The Animal I Am
Written September 25th, 2009.
I grew up in the woods and hills of the Appalachian mountains in West Virginia, so I'm no stranger to wildlife and nature. Unlike some, I've never needed to suppress my own animal nature to conform to what society expects and demands. I'd spent my childhood as a horse, a raptor (the dinosaur, not the bird), a black leopard, and a wolf at various overlapping times. I brought my animal mannerisms into social and academic settings with almost no repercussions; I was still smart and easy to get along with, so my quirks were never ostracized and condemned. I never had to learn how to not be what I was, though my maturation brought with it new nuances and subtleties.
In 2001, I stumbled across the online therianthropy community when I was reading up on shapeshifters and werewolves, some of my favorite fictional and mythological subjects.

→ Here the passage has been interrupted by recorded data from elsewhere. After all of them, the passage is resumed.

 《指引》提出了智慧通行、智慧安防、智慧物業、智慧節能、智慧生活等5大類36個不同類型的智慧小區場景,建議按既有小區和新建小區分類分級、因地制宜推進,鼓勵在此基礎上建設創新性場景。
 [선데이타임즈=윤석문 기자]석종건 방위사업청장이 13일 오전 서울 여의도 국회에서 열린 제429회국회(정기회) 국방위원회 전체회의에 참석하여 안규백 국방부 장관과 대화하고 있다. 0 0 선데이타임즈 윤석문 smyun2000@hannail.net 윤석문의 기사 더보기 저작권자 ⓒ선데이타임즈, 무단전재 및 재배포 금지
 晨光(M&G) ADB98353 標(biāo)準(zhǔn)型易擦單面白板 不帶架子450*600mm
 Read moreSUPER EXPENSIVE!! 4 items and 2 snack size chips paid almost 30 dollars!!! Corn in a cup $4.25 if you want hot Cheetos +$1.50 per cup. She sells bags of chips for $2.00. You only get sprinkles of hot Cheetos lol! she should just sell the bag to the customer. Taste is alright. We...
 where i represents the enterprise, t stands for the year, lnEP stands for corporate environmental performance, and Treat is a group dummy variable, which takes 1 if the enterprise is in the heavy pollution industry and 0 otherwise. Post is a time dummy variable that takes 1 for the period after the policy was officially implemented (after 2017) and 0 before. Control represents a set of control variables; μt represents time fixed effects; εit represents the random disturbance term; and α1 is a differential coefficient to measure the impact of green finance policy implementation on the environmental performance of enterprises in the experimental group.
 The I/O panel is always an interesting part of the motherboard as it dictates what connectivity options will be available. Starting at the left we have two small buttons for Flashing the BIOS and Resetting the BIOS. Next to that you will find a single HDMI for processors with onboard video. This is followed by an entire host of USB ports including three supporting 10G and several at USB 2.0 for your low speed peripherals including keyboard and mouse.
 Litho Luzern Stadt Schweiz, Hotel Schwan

I was delighted to find that being an animal was something considered 'real' by people other than myself. I never got involved in the wider community with its forums and greymuzzles, but I found a few well-written sites and devoured their contents hungrily. I met animalfolk on a one-on-one basis, finding and interacting with them personally, rather than in any kind of group setting. My sister and I walked the path of discovery nearly in step, beginning a long process of soul-searching and zoological research to identify ourselves as something more specific than 'feline' and 'canine'.
Like many, I considered wolf as a possibility, as well as cougar and jaguar or leopard. Over the course of the following year, I worked to put a name to my own nature, and eventually settled on lioness. I spent the next few years trying to reconcile how well the physical form of the African lioness suited me with how poorly its environment and social nature fit with my own tendencies, then stumbled across information on Barbary lions. A large, solitary subspecies of lion that lived in the mountains where the seasons changed? I was floored.

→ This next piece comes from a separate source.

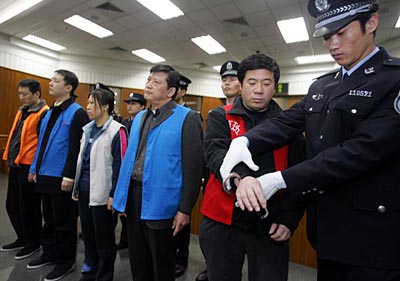 12月17日,法警在給霍民戴手銬。當日,北京市第一中級人民法院判處非法獲得貸款3億多元的主犯霍民無期徒刑。2003年6月至2005年2月,北京一公司的法人代表霍民,指使該公司人員采取冒用他人名義、隱瞞貸款實際用途、出具虛假首付款收據等手段進行詐騙,從農業(yè)銀行昌平支行非法獲得貸款3億多元。
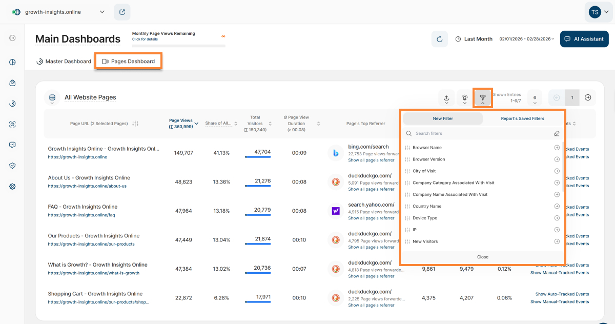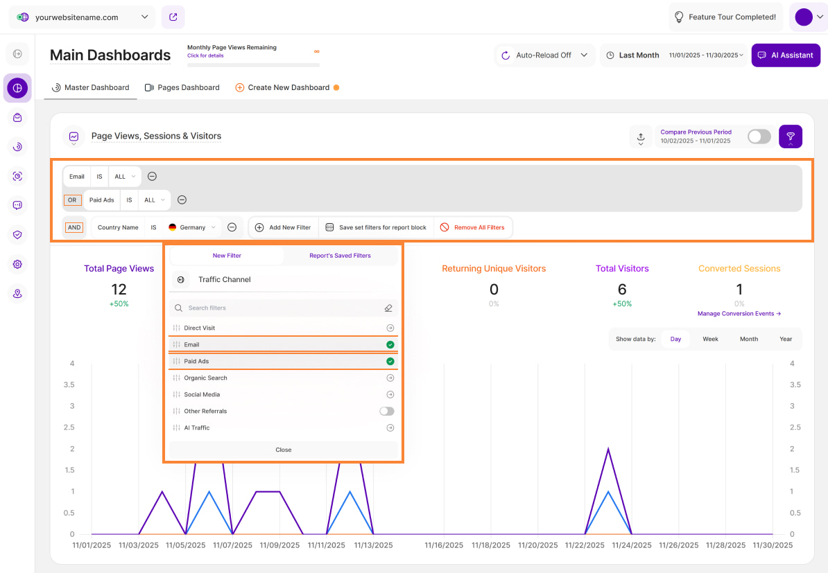 Just like the Master Dashboard, you can apply various filters to the Pages Dashboard for enhanced analysis. It now offers powerful traffic channel filters, empowering you to easily focus on specific traffic sources (like organic search, social media, or direct traffic) for a more granular analysis of your website traffic.

Mountains are home: I am a rock-climbing cat. I love the trees and the slopes, the rocks and the streams. Put me in the woods with a rock to climb and a view from the mountains, and I am so unspeakably, fully alive and home. Every part of my body and my heart sings with recognition, with joy, with life. I love the heat of summer and the snow of winter. It felt wrong to think of only having a dry season and a rainy season.
I am not, and have never really been, a social person. I'm a strong introvert, and I am very happy when I'm alone. My human rearing and my human nature drives me to seek a connection with others, establish and maintain a bond, but my felinity plays very little part in that. I value and respect and adore my loved ones, and I will do what I can to help them be healthy and happy and safe, but I am self-centric and independent. I take care of myself first, I walk my own path, and I follow my own urges. I am enough of a pacifist to avoid harming others where I can, but enough of a predator to ensure that I'm not crippled for fear of disrupting others when I'm simply going my own way. I retain control over my own life and my future and my space, even when willingly sharing that life with the people closest to me, like my sister and my mate. I do as I will with little regard for how others may take it, so long as they aren't outright harmed. This is not pack or pride behavior - this is the self-interest and self-contained attitude of a solitary predator.
Everything about Barbaries, even down to the tiny details, fit. They have longer, lower bodies than African lions - and I had previously studied cougar because that kind of low-slung body, moving among the rocks and slopes, felt right. They have greyer, shaggier fur than African lions - and, for as long as I can remember, I'd been drawn to the concept of a grey lion. The weight, the build, the pelt, and even the coloration were a snug match to how I perceived myself, and the social and environmental tendencies were dead-on. It may have taken me years to discover the right subspecies, but discover it I did, and the final piece of my feline identity fell into place.
Barbary. Animalfolk. This is who, and what, I am.